• Exercise brief:
Pictures in the data should be dropped; transcribe exactly the lines from the one that has "Ingelijste ets van" through the one that has "Rediscover Your Browsing".

• Study material:
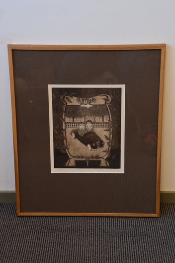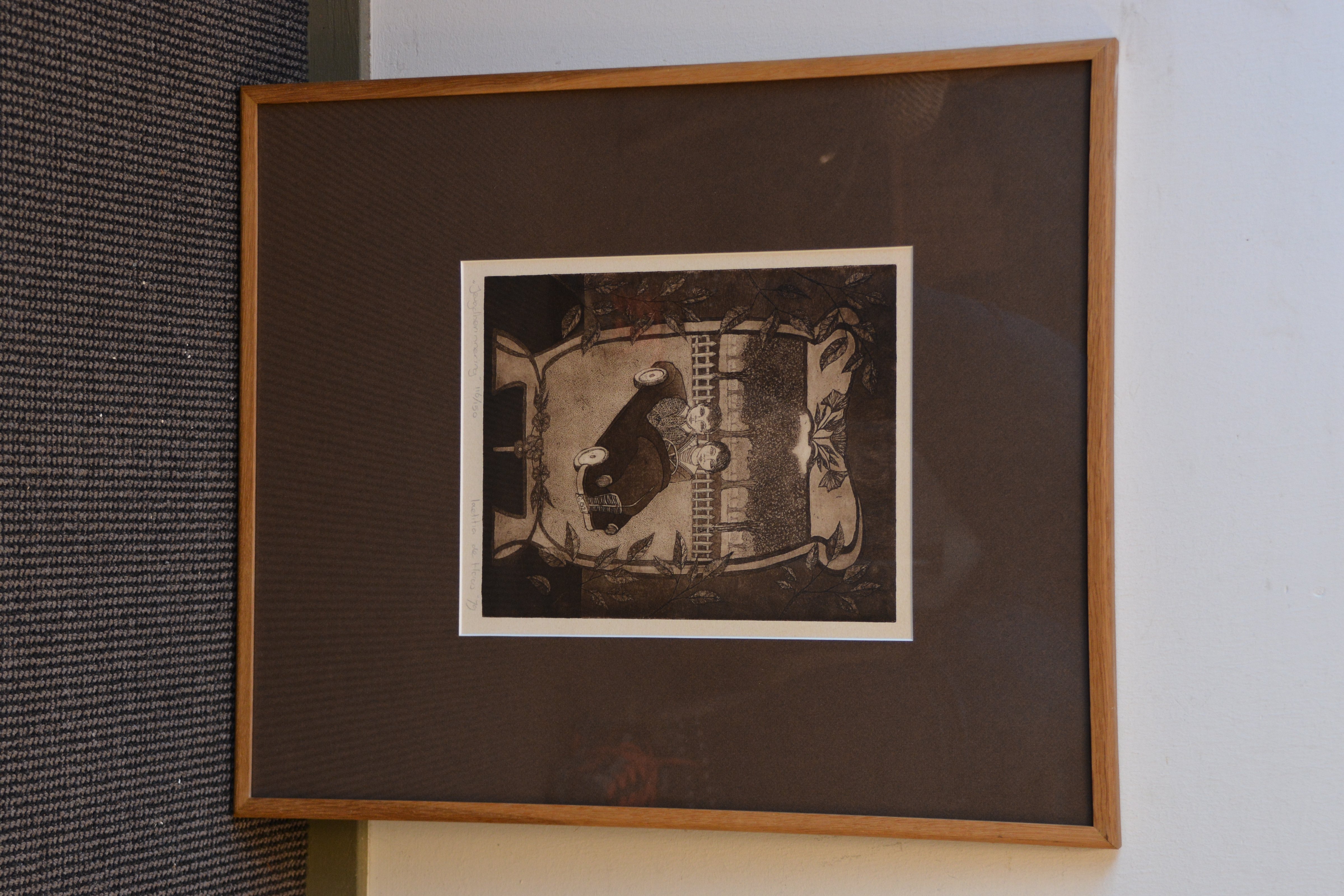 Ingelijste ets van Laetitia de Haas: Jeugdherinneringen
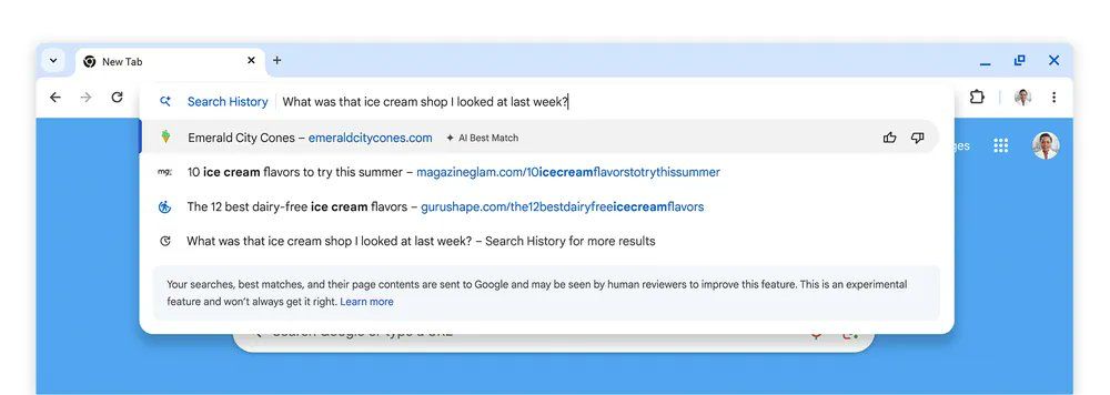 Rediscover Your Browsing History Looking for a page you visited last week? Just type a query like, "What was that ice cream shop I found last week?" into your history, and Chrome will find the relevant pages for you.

==

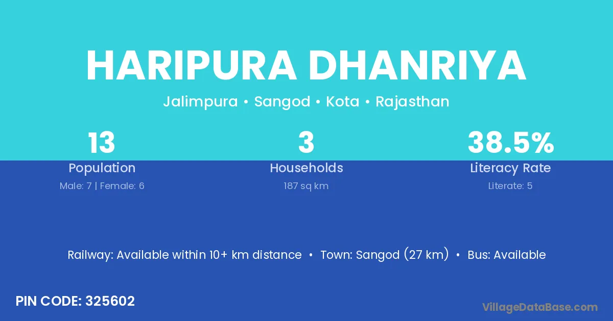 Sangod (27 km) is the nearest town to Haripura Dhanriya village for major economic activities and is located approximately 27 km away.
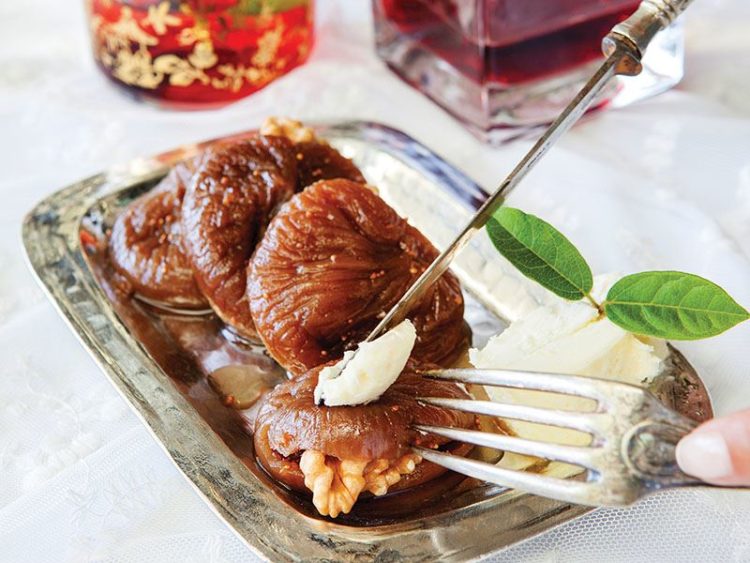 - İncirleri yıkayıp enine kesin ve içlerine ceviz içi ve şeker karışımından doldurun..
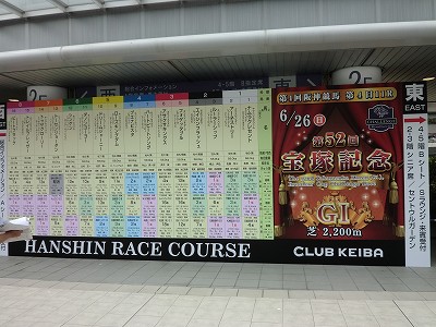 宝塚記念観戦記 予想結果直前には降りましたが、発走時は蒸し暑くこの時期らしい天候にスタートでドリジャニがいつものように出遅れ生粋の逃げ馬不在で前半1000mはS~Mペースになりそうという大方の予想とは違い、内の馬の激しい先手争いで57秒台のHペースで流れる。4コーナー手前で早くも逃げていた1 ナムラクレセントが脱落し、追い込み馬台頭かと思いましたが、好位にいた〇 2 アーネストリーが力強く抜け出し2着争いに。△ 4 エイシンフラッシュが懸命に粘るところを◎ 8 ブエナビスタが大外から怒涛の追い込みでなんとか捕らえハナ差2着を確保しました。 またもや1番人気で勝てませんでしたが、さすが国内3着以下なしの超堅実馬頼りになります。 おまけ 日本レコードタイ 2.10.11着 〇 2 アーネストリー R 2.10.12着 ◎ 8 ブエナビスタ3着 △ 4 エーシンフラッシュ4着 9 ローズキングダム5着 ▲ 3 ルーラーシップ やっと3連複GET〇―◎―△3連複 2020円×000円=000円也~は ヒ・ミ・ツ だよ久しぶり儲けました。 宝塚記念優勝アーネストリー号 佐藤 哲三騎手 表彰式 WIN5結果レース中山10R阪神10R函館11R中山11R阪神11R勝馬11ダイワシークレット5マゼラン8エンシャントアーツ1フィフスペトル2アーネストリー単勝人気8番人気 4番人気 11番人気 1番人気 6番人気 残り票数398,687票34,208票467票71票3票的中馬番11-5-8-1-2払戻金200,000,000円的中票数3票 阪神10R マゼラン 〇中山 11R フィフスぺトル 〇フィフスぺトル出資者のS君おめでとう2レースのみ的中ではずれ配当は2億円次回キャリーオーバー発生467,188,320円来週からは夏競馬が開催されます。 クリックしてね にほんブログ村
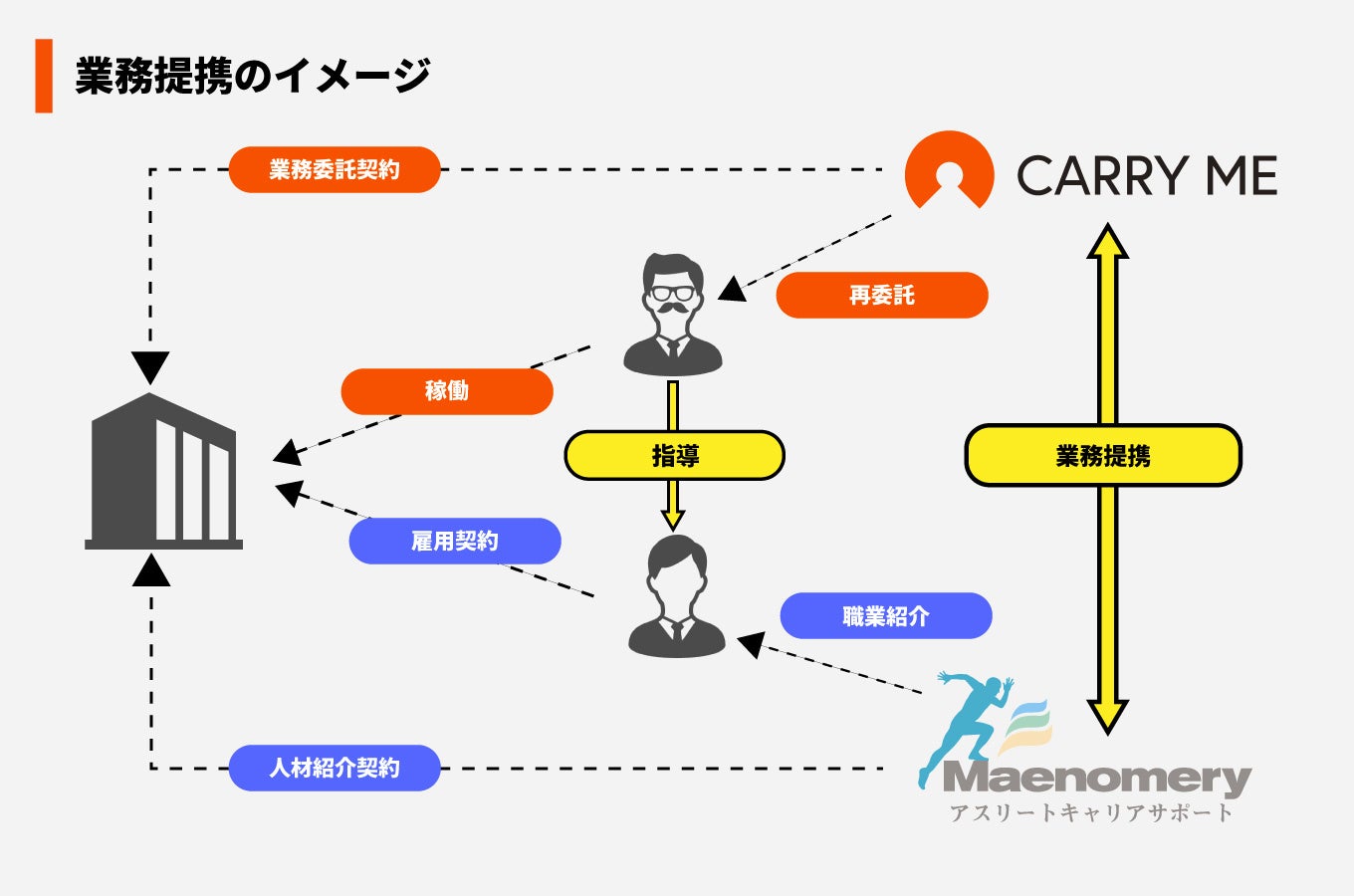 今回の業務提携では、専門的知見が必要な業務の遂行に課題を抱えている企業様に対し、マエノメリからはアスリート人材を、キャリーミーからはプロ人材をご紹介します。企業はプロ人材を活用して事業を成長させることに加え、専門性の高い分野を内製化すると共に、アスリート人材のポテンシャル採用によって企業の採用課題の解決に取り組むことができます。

--

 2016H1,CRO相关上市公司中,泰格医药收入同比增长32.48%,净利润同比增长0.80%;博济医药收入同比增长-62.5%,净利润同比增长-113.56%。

• Result of this exercise:
 Ingelijste ets van Laetitia de Haas: Jeugdherinneringen
 Rediscover Your Browsing History Looking for a page you visited last week? Just type a query like, "What was that ice cream shop I found last week?" into your history, and Chrome will find the relevant pages for you.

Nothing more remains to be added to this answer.